A machine learning algorithm can identify clusters of patients with favourable glycaemic outcomes in a pooled European Gla-300 studies (REALI): Novel signposts for clinicians?

2018, 03 October

| 3 min read

Authors: M. Rollot, M. Bonnemaire, C. Brulle-Wohlhueter, L. Pedrazzini, E. Boëlle-Le Corfec, G. Bigot, M. Didac, R. Bonadonna, P. Gourdy, D. Müller-Wieland, O. Hacman, A. Chiorean, N. Freemantle

Date: 3 October 2018

N° 876, 2018-10, EASD 2018, Berlin, Germany


Background and aims

Detecting consistent patterns of interest can be performed using data-driven subgroup discovery algorithms. These may be instrumental in exploiting large healthcare databases and enabling a patient-level and data-driven analysis aiming at identifying patient clusters for clinicians. The REALI project, a pool of a large database collecting data from more than 10,000 people with type 2 and type 1 diabetes mellitus uncontrolled with antidiabetic therapy and initiated on Gla-300 from different European Gla-300 studies, is an appropriate source of data for such an analysis.

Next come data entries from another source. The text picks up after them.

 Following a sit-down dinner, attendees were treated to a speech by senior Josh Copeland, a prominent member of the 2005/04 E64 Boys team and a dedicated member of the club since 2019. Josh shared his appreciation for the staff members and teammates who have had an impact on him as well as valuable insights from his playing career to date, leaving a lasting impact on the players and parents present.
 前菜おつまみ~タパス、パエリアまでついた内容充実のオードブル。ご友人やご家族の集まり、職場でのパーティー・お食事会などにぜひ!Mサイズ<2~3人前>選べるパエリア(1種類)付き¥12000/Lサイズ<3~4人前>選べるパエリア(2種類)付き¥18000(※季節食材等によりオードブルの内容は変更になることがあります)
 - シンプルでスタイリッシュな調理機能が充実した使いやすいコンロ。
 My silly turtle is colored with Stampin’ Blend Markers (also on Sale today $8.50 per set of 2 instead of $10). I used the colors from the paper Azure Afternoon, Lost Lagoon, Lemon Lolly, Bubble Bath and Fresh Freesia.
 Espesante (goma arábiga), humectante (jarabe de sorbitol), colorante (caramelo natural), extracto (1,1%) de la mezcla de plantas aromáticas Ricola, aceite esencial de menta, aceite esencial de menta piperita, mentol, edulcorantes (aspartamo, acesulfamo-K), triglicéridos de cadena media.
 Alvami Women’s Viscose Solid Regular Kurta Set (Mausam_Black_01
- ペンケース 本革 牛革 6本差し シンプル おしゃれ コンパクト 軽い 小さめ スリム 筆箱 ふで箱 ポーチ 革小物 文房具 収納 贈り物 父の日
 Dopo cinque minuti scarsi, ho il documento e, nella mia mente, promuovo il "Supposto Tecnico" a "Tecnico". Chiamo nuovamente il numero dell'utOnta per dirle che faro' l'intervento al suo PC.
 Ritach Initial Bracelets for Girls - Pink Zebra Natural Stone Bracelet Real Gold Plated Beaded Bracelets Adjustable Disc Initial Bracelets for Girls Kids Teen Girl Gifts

The objective of the present work was to explore patient-related variables and to identify clusters of patients who: 1. achieved HbA1c drop ≥ 0.5% from baseline to end of study (EoS); 2. experienced hypoglycemia event during the study (HEOS), and 3. achieved the combined outcome of HbA1c < 7% at EoS without HEOS.

Materials and methods

Q-finder, a subgroup discovery algorithm, was first applied to a single study (Take Control) from REALI pooled database. Q-finder is a proprietary non-parametric supervised learning algorithm working with no particular assumption regarding distributions of the outcome or explanatory variables. This algorithm explores the space of explanatory variables to identify areas where the outcome specified for the exploration shows higher or lower concentration than average. The output is a set of patient clusters, defined as combinations of variables and thresholds which characterize subpopulations with significantly higher/lower probability of experiencing an outcome of interest. All results were tested for their significance in models adjusted for confounding factors and taking into account multiple testing (Bonferroni’s correction).


Take Control was a 24-week interventional study of Gla-300 efficacy and safety, including 631 patients. Thousands of queries were performed by the algorithm, and 32 were found statistically significant after Bonferroni’s adjustment in models including confounding factors. Among the clusters that were generated, patients with higher probability of having an HbA1c reduction ≥ 0.5% at EoS were those with no previous insulin exposure (234 patients [pts], RR = 1.6, p < 10 -6), and those with a baseline HbA1c value ≥ 7.9% (421 pts, RR = 1.5, p < 10 -10). Additionally, our findings suggest that patients who received a pre-hypoglycemia average insulin dose ≤ 33.3 U were at greater risk of HEOS (363 pts, RR = 1.7, p < 10 -5); moreover, patients with a duration of disease ≤ 12 years and a baseline alkaline phosphatase value ≤ 64 U/L were more likely to achieve the combined outcome of HbA1c < 7% at EoS without HEOS (127 pts, RR = 2.2, p < 10 -6).


Our analysis is a new promising and powerful tool, which provides simple and efficient criteria for the clinician to identify clusters of patients in whom the intervention of Gla-300 is most efficacious and safe. This approach will be applied on additional REALI datasets.